Work task → Reproduce the entire listing exactly. Leave the pictures out.

Information shown →
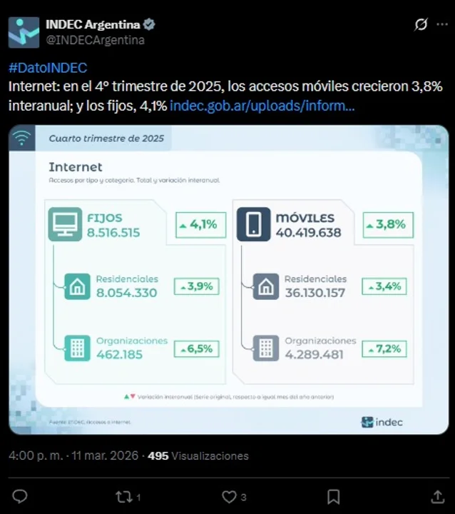 Accesos a internet en Argentina: el INDEC reveló cuánto crecieron las conexiones fijas y móviles en el cierre de 2025
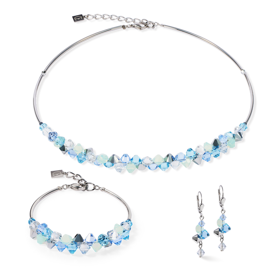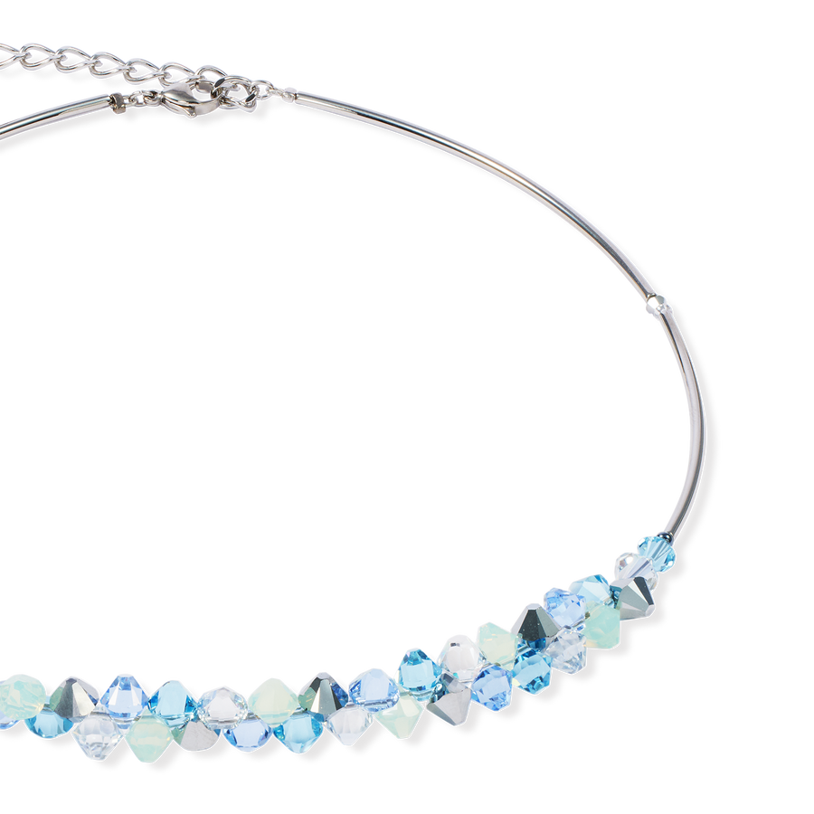 Lightness meets futuristic glamour - the Dancing Crystals silver-blue necklace brings movement to your styling. Precisely cut Swarovski crystals in a modern rhombus cut reflect the light with every movement and ensure dynamic elegance. Combined with cool stainless steel, the result is a piece of jewellery that combines minimalism with radiant depth.
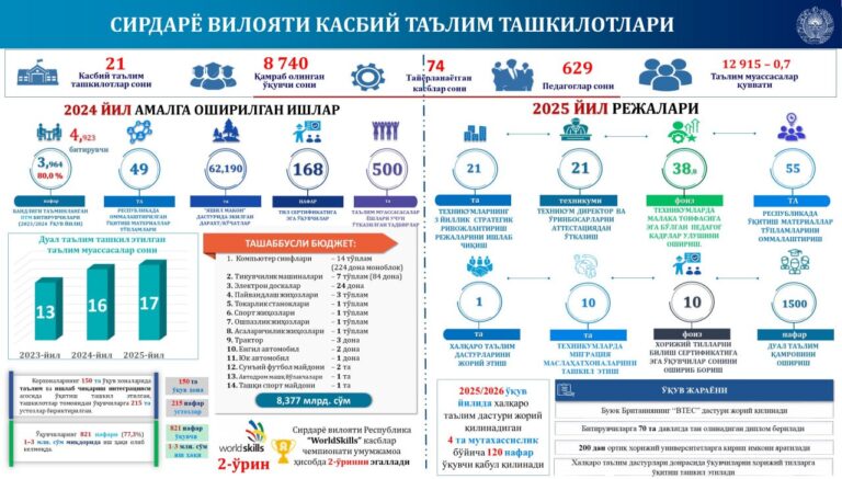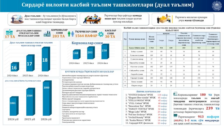 📊 Sirdaryo viloyati kasbiy ta’lim tashkilotlarida dual ta’lim tizimi (infogragika)

Written answer →
 Accesos a internet en Argentina: el INDEC reveló cuánto crecieron las conexiones fijas y móviles en el cierre de 2025
 Lightness meets futuristic glamour - the Dancing Crystals silver-blue necklace brings movement to your styling. Precisely cut Swarovski crystals in a modern rhombus cut reflect the light with every movement and ensure dynamic elegance. Combined with cool stainless steel, the result is a piece of jewellery that combines minimalism with radiant depth.
 📊 Sirdaryo viloyati kasbiy ta’lim tashkilotlarida dual ta’lim tizimi (infogragika)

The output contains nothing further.